You may be unfamiliar with these data types. They are binary file formats optimized for big data processing and are commonly used in Hadoop and Spark ecosystems.

These formats offer a number of advantages over others, including columnar storage, data compression, and schema evolution capabilities. These provide improved performance and storage efficiency for large-scale data processing, and this is the advantage of these formats.

However, they have limited support in non-big data software tools and languages, not being in binary format are not human-readable. It is unlikely you will use them within the MSc programme, though certain placement providers may be using them within big-data applications.

11.3 Packages for Importing Data

As you might expect, there are a number of useful packages in R that are designed specifically for the purpose of importing raw data.

Tip

Just a reminder – packages are additional libraries that you can install and run within R. They provide additional functionality over and above ‘base’ R. Remember, you only need to install a package once for each computer you use. You DO need to call it (using the ‘library’ command) each time you wish to use it in a session.

Here are some of the most common packages that are used for data import. Their names give you a clue about which format they can be used for!

tidyverse
readxl
jsonlite
RMySQL

11.3.1 Working with CSV Data

code-fold: false
library(tidyverse)
csv_data <- read_csv("path/to/your/csv_file.csv")

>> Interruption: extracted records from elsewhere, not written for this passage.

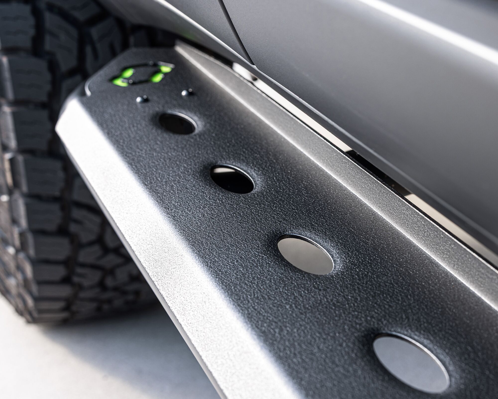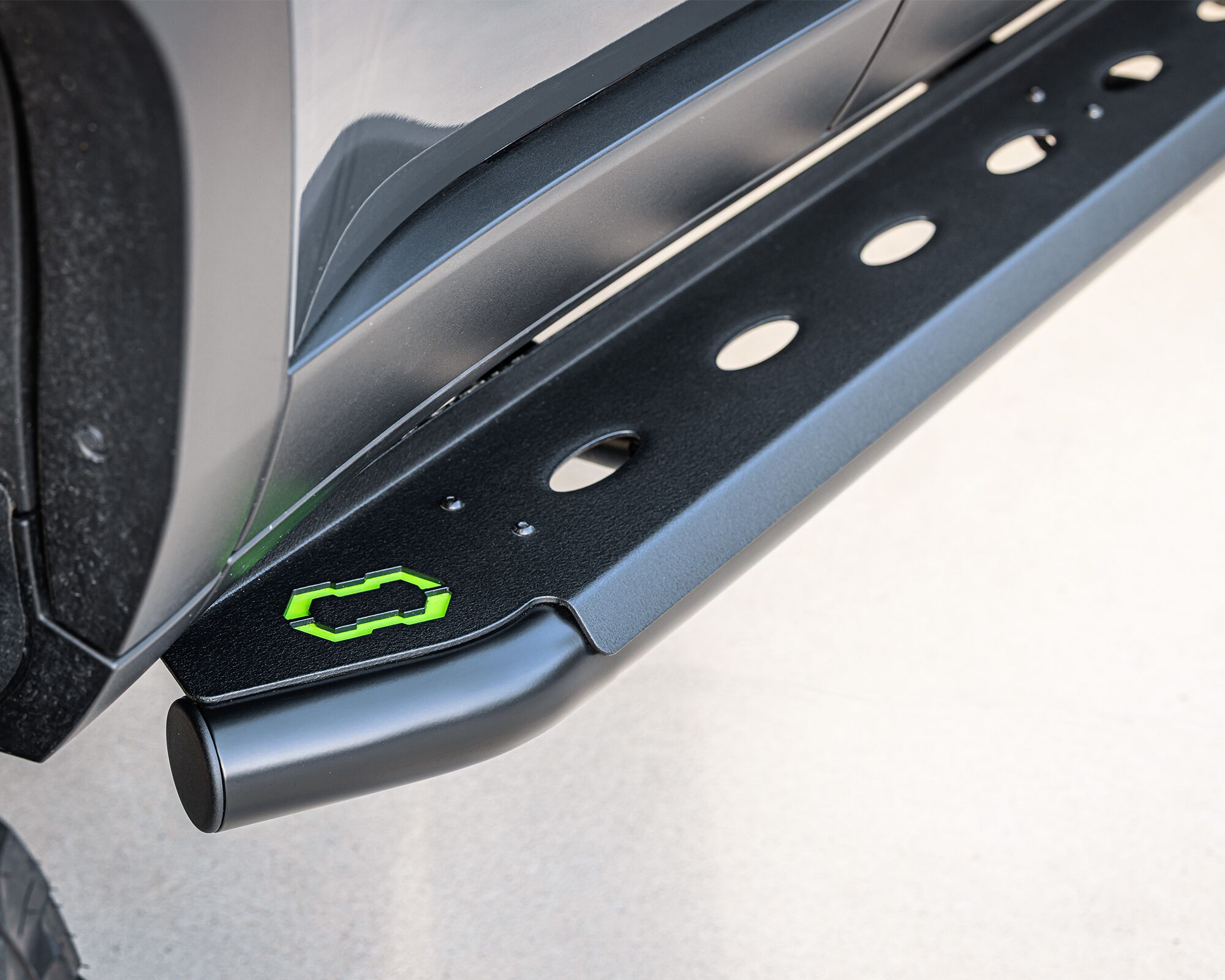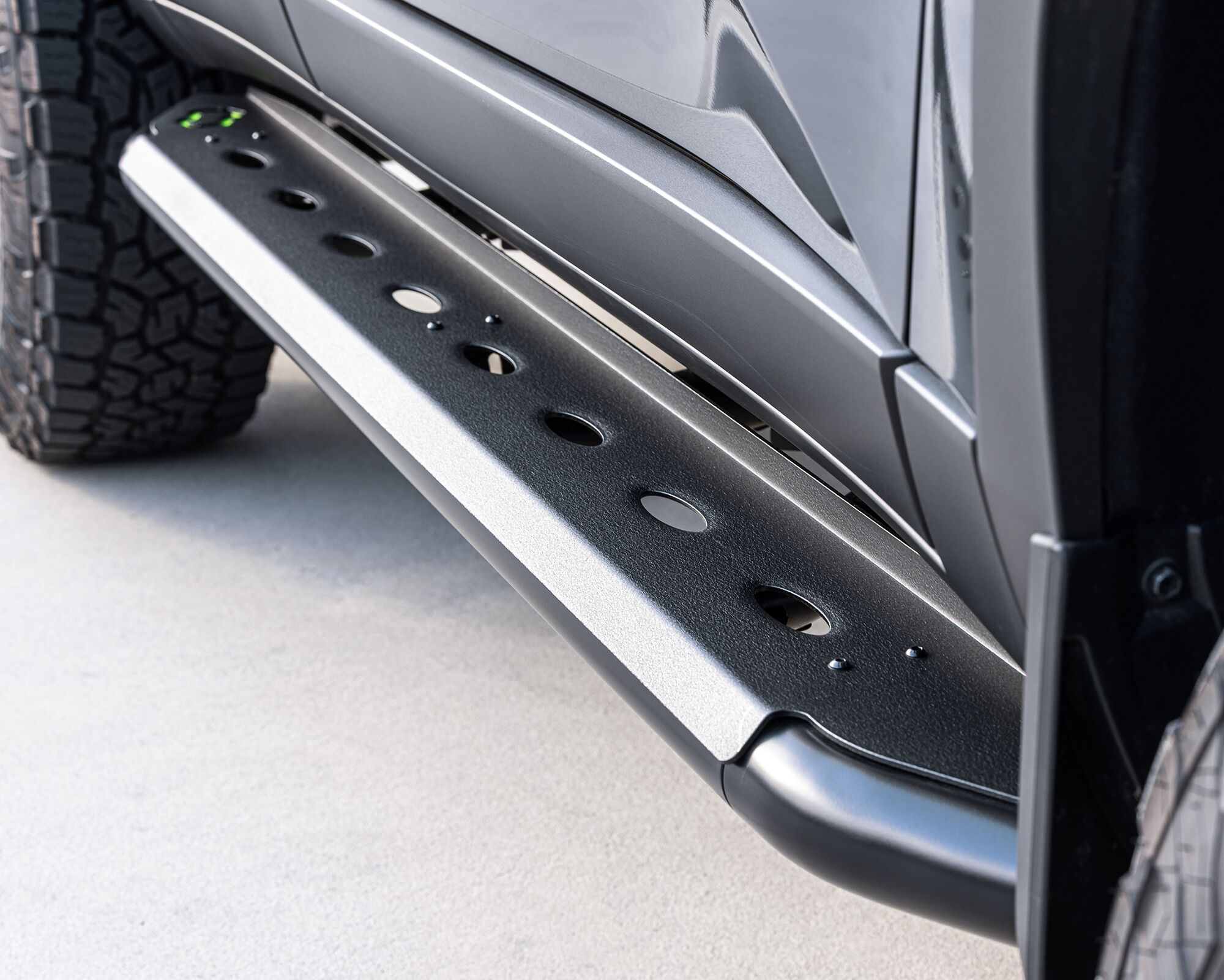 The modern, slip-resistant, and durable textured powder coat finish provides a heavy-duty aftermarket alternative to the manufacturer’s standard side steps or running boards.
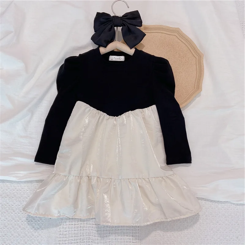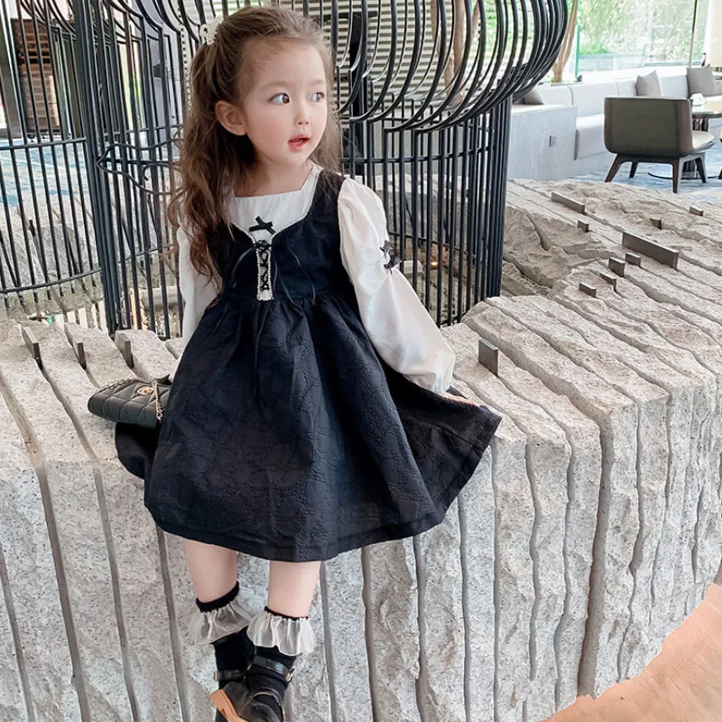 Платье для девочек, модные Универсальные платья принцессы из двух предметов с бантом, подходящие по цвету, От 2 до 7 лет Детская Качественная детская одежда
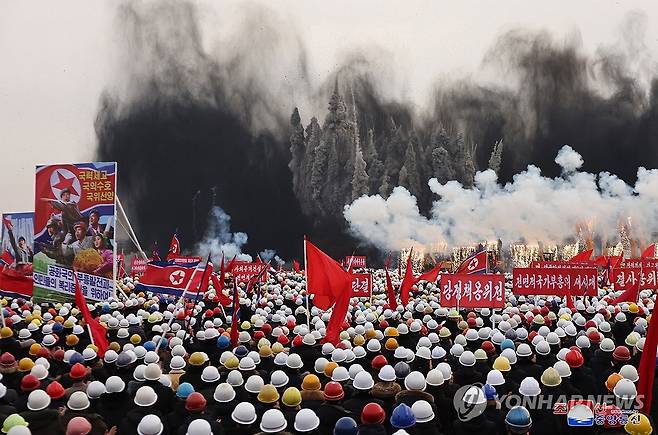 (평양 조선중앙통신=연합뉴스) 북한 김정은 국무위원장이 참석한 가운데 평양시 1만세대 살림집건설 사업인 3단계 건설착공식이 23일에 진행되었다고 조선중앙통신이 24일 보도했다.2024.2.24
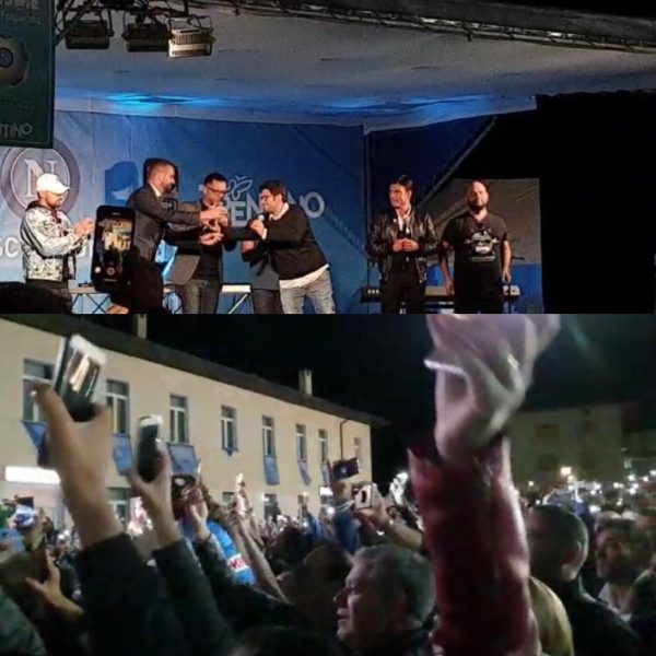 Edoardo De Laurentiis, vice presidente del Napoli, è salito sul palco e ha ringraziato tutti per la bellissima atmosfera, immediatamente dopo è partito il famoso coro “Napoli torna campione“, che ha fatto saltare ed esaltare tifosi e non, tra i tanti anche Insigne e Gaetano che hanno iniziato a saltare e cantare.
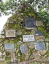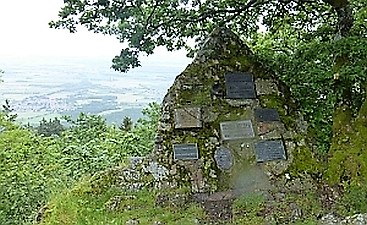 Jägerdenkmal auf dem Gipfel des Berges Hirzstein unterhalb des Hartmannsweilerkopfs. Pyramide aus Feldsteinen mit kleinen Täfelchen verschiedener Jäger- und anderer Einheiten, zu Ehren der Gefallenen der Kämpfe um den Hartmannsweilerkopf (Vogesen).
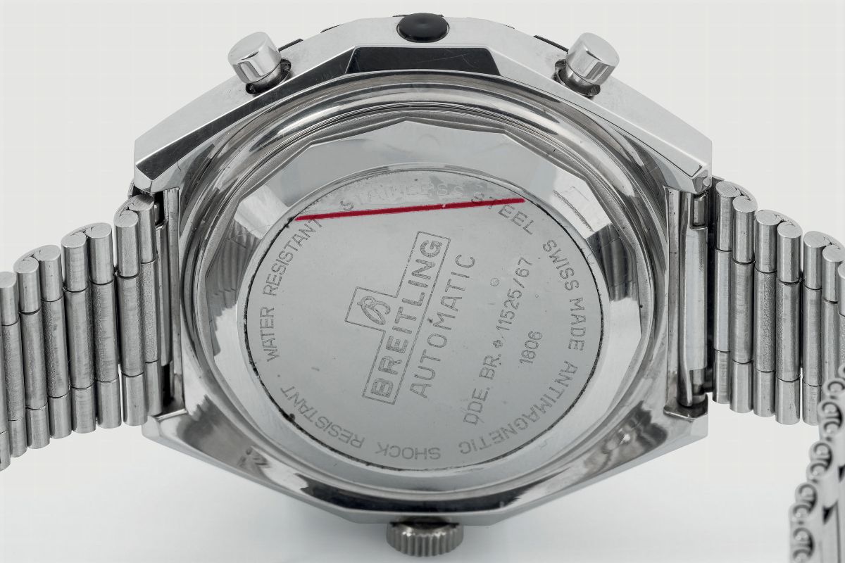 Breitling, Genève, Navitimer, Chrono-Matic, Ref. 1806. Raro, orologio da polso, oversize, cronografo in acciaio, automatico, impermeabile, con datario e bracciale originale con chiusura deployante. Accompagnato dalla scatola originale. Realizzato nel 1970 circa
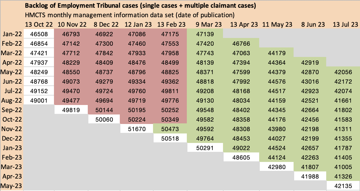 Previously on this blog, I have noted how, in March this year, HM Courts & Tribunal Service began to revise its previously published management information on the backlog of Employment Tribunal cases, and how this magical shrinkage of the ET backlog later accelerated. And the latest set of HMCTS management information, published yesterday, indicates that this downwards revision of previously published data continues.
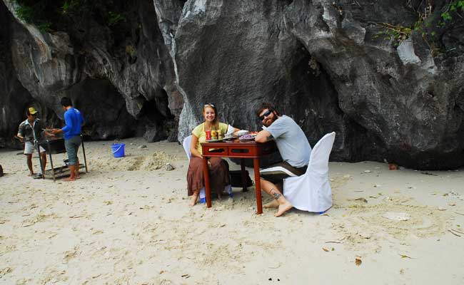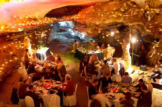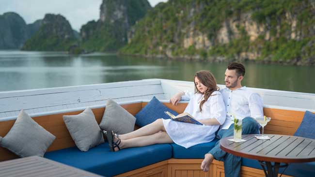 Planning a trip to Halong Bay with your partner? Want to have the romantic set up to amaze his/her? Then dining in a stunning cave is an excellent choice. Several luxury cruises with 3 days and 2 nights offer this activity, such as Dragon Pearl Junk. The extra price is costly since it usually includes set-up fee, personnel, food, and hiring the cave. After stepping inside, you and your lover will be impressed by a thousand candles and rose petals. Sweet scenery, sparkling candles, and exotic dishes will certainly create a romantic space. Plenty tourists successfully proposed to their special ones within this sweet theme.

11.3.2 Working with Excel Data

library(readxl)
excel_data <- read_excel("path to your excel_file.xlsx")

11.3.3 Working with JSON Data

library(jsonlite)
json_data <- fromJSON("path/to/your/json_file.json")

11.4 Working with Databases

Databases are data files that are stored remotely, and are usually accessed via the internet. You may find yourself working with sport data that is stored centrally using this process.

11.4.1 Connecting using dbConnect()

First, you need to establish a connection to the database as follows:

library(RMySQL)
connection <- dbConnect(MySQL(), host = "localhost", user = "username", password = "password", dbname = "database_name")

11.4.2 Importing from a database

Once you have connected with the database, the process for importing the data is similar to those used previously in this tutorial.

table_data <- dbReadTable(connection, "table_name")

11.4.3 Closing using dbDisconnect()

You can then close your connection to the database, as you now have a local copy of the dataset.

dbDisconnect(connection)

There is more on accessing online databases here.

11.5 Practical Activity

Refer to the webpage here. Work through the activities listed, including how to determine your current working directory, which will be important in the future.